Questo squilibrio, causato dall’accumulo globale di gas serra, agisce direttamente sulla biologia della foresta. Quando l’umidità del suolo scende sotto una soglia critica, gli alberi attivano un meccanismo di difesa estremo: chiudono gli stomi (i pori delle foglie) per evitare la dispersione idrica. Tuttavia, questa strategia ha un costo altissimo, poiché interrompe la fotosintesi e l’assorbimento di CO2.

Nei casi di calore estremo, la struttura stessa della pianta viene compromessa: la formazione di bolle d’aria nei vasi linfatici provoca danni spesso irreversibili, portando alla morte dell’albero.

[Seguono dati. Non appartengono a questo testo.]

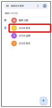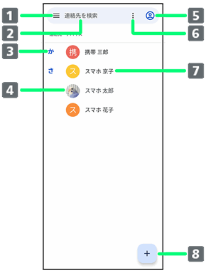 | タップすると、連絡先詳細画面が表示されます。 | ||

Le specie più colpite sono paradossalmente quelle a crescita rapida, le più efficienti nel sequestrare carbonio, rendendo la foresta meno capace di contrastare il riscaldamento globale.

Jeff Chambers, coordinatore della ricerca, sottolinea come anche un lieve incremento della mortalità degli alberi su scala amazzonica possa innescare una perdita catastrofica di biomassa. Il problema, tuttavia, non è isolato al Sud America. Fenomeni simili si osservano già nelle foreste tropicali dell’Africa e del Sud-Est asiatico, suggerendo un allungamento sistematico della stagione secca in tutta la fascia equatoriale.

Il passaggio cruciale è il rischio che queste foreste si trasformino da “polmoni” (serbatoi di carbonio) a sorgenti di emissioni. Se l’Amazzonia iniziasse a rilasciare più carbonio di quanto ne assorbe, l’intero equilibrio climatico mondiale subirebbe un’accelerazione incontrollabile. Le ripercussioni non sarebbero solo ambientali, ma colpirebbero direttamente l’economia globale, influenzando l’agricoltura e la disponibilità idrica a livello intercontinentale.

Si tratta di conseguenze davvero terribili per il nostro Pianeta e purtroppo sembra sempre più complicato arrestare questo tipo di fenomeno. Se insomma in questa enorme foresta pluviale gli alberi non riescono più a fare il loro dovere, a causa proprio delle temperature sempre più estreme, c’è un grosso rischio per la salute di tutti noi.

Quanto emerge dall’Amazzonia deve quindi creare un forte allarmismo tra i capi di Stato e provare ad attuare un piano di sicurezza. Quello che è chiaro a tutti è che la foresta amazzonica non stia solo cambiando; piuttosto sta lottando per la sopravvivenza contro un clima che sta superando i limiti biologici della sua flora. Una situazione davvero grave.